Het is ‘volledig legitiem en juist’ dat een openbare school niet verplicht is een gebedsruimte in te richten. Dat meldt onderwijsminister Dennis Wiersma in reactie op Kamervragen van Stephan van Baarle van DENK.
Van Baarle sloeg aan op het NRC-artikel Scholen worstelen met gebedsruimtes voor leerlingen – ‘bij ons wordt niet aan religie gedaan’ en wilde weten hoe de minister denkt over het oordeel van de Commissie gelijke behandeling (tegenwoordig College voor de Rechten van de Mens) dat openbare scholen niet verplicht zijn om een gebedsruimte in te richten als daarom wordt gevraagd. Het DENK-Kamerlid beschouwt dit als een verbod om op school te bidden.

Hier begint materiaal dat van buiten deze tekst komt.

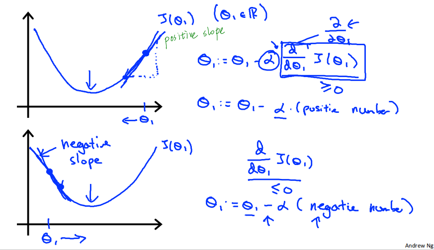 derivative导数项 can be a positive number or negative number, 对应positive slope or negative slope.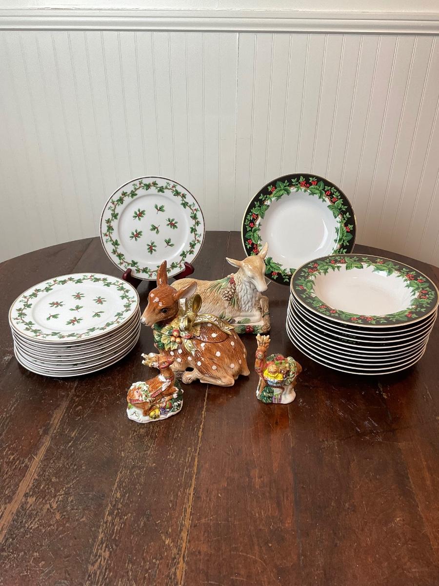 DR1420 Waverly Christmas Plates and Fitz & Floyd Butter and Jar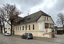 Der Hof entstand im frühen 19. Jahrhundert und besteht aus einem Wohnhaus und Wirtschaftsgebäuden. Das eingeschossige Wohnhaus ist traufständig zur Straße hin ausgerichtet. Die Gestaltung setzt die Bauformen des Spätbarocks fort. Die straßenseitige Fassade ist siebenachsig. Bedeckt ist der Bau mit einem Krüppelwalmdach. Westlich schließt sich, giebelständig zur Straße ausgerichtet, ein großes Wirtschaftsgebäude an.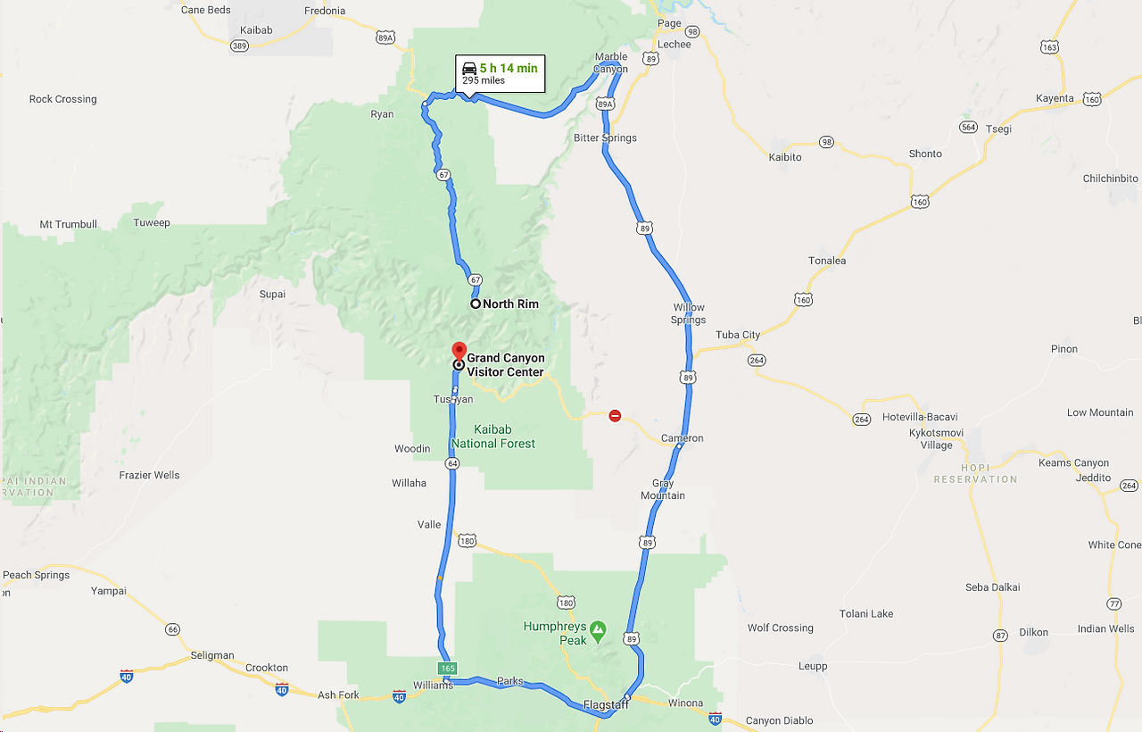 다음은 그랜드 캐니언 둘레길을 돌아서 North Rim까지 가야 하는 여정이다. 특히 North Rim으로 가는 길은 여름에만 문을 열고 겨울시즌에 봉쇄된다. 거리는 295마일로 약 5시간 걸리지만, 중간중간 사진을 찍는 걸 감안하면 8시간 정도 걸린다고 봤다.
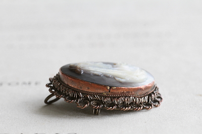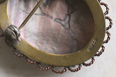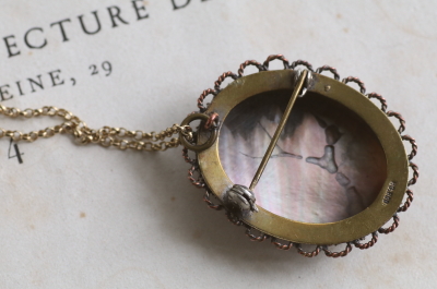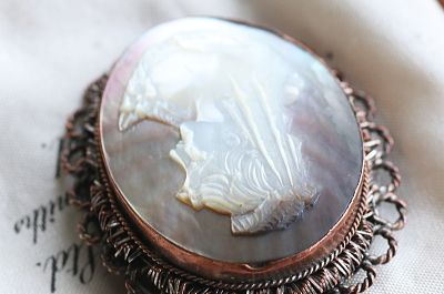 ★A&C15860 マザーオブパールカメオ ペンダントブローチ 30.5×37mm(9.2g) / ¥21,800.-〔税込み・送料別〕 マザーオブパール / 800シルバー(ロールゴールド) 送料:Aランク 【送料ページはこちら】 ◆ご注文方法はこちら◆ マザーオブパールに彫り上げた、白く輝く貴婦人の横顔が、背景の虹色に浮かび上がるペンダントブローチ。縦ロールの豊かな髪と優しげな表情の横顔が、光の角度で表情を変える、自然の恵みの輝きが魅力的なひと品です。ブローチとしても、丸カンにチェーンを通して、ネックレスとしても愉しめるので、ちょっと得した気分です。20世紀中期のイタリア製。 ロールゴールドから、シルバーの露出が幾らか見られます。特に目立つダメージの見られない、きれいなしっかりした状態です。チェーンは付属せず、ペンダントブローチのみの販売です。写真のケースは付属しません。 ラーバカメオやジャスパーカメオのアクセサリーをご紹介しています。ページ下部のリンクからご覧ください。 |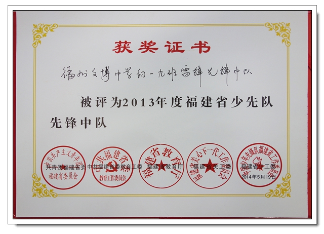 经学校团委少先队推荐, 我校2013级初一(9)班雷锋中队(班主任:俞敏珍)荣获2013年度“福建省优秀少先队先锋中队”荣誉称号。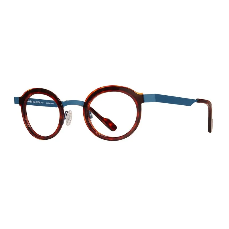 Montura fabricada en acero inoxidable color azul combinada con aros en acetato marrón . Forma redondeada pequeña , muy ligera y confortable . Dimensiones 42-24/145
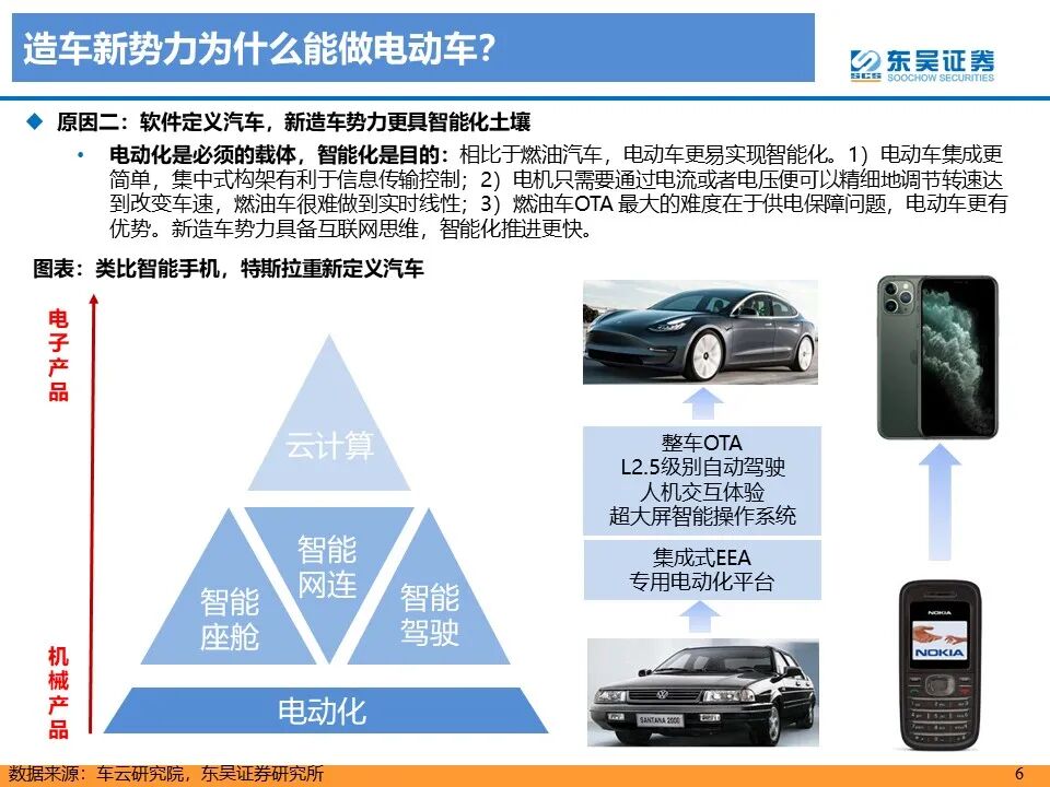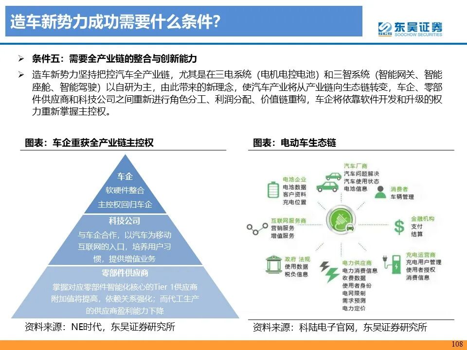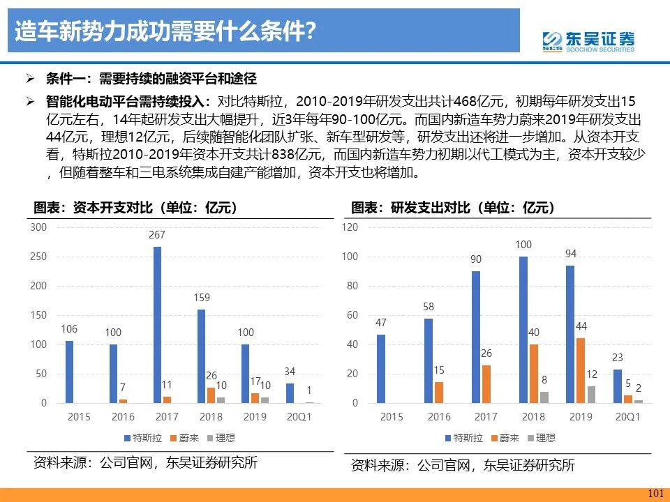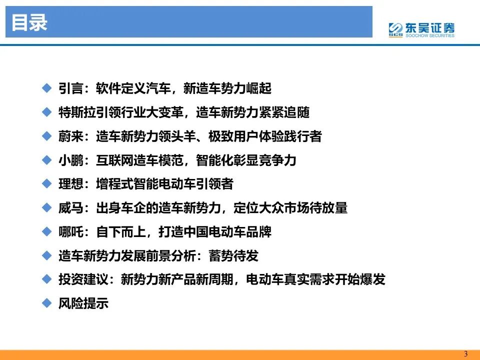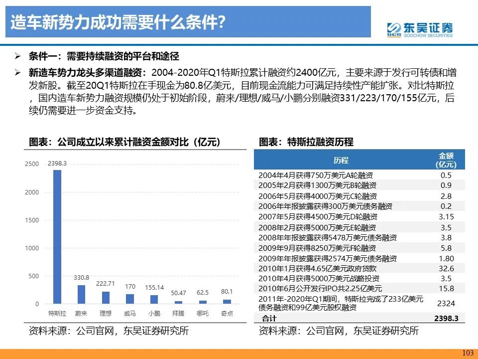 大浪淘沙,新造车势力已成气候。汽车智能化电动化带来商业模式创新,相较传统车企,新造车势力无历史包袱,在汽车电子电气架构、智能化进度更快。对标特斯拉(TSLA.US),我们认为新造车势力能否成功需要几个条件:持续融资能力,强大的研发团队,互联网造车思路,差异化产品竞争力,持续产品迭代能力,产业链整合能力等。从销量上看,几家新造车势力龙头今年销量可达2-4万辆,今明年新车型推出,已从生存问题跨越至成长问题,预计当销量达到7-10万辆基本可实现盈利,15-20万辆基本可实现自由现金流转正,将在电动车市场上形成一股不容小觑的势力!

De minister antwoordt dat het uitgangspunt is dat alle leerlingen zich op school vrij en veilig moeten kunnen voelen en zichzelf moeten kunnen zijn. ‘Daarom kun je in Nederland de school kiezen die het beste bij jou past en bieden we via artikel 23 van de Grondwet alle ruimte aan bijzondere scholen.’ Hij voegt daaraan toe dat veel leerlingen en ouders bewust kiezen voor het openbaar onderwijs, dat niet uitgaat van een godsdienst of geloofsovertuiging.
In dat licht is het volgens Wiersma ‘volledig legitiem en juist’ dat openbare scholen niet verplicht zijn om een gebedsruimte in te richten. Het ontbreken van die plicht betekent volgens hem niet dat het in openbare scholen verboden is om te bidden, zoals DENK stelt.
Advies VOS/ABB
VOS/ABB wees eerder ook op het oordeel van de Commissie gelijke behandeling, maar meldde ook dat het ontbreken van een plicht tot het inrichten van een gebedsruimte niet betekent dat dat niet kán.

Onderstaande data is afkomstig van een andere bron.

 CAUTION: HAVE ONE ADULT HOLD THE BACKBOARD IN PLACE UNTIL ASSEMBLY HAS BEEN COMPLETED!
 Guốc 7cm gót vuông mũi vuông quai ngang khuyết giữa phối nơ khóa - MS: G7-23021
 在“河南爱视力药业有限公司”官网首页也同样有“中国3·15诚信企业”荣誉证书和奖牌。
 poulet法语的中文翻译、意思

Het advies van VOS/ABB is om als daar aanleiding toe is het gesprek aan te gaan over de positie van religie en levensbeschouwing in de openbare school. De uitkomst kan zijn om bijvoorbeeld een algemene ruimte in te richten die leerlingen en personeelsleden op basis van goede afspraken kunnen gebruiken voor rust of bezinning.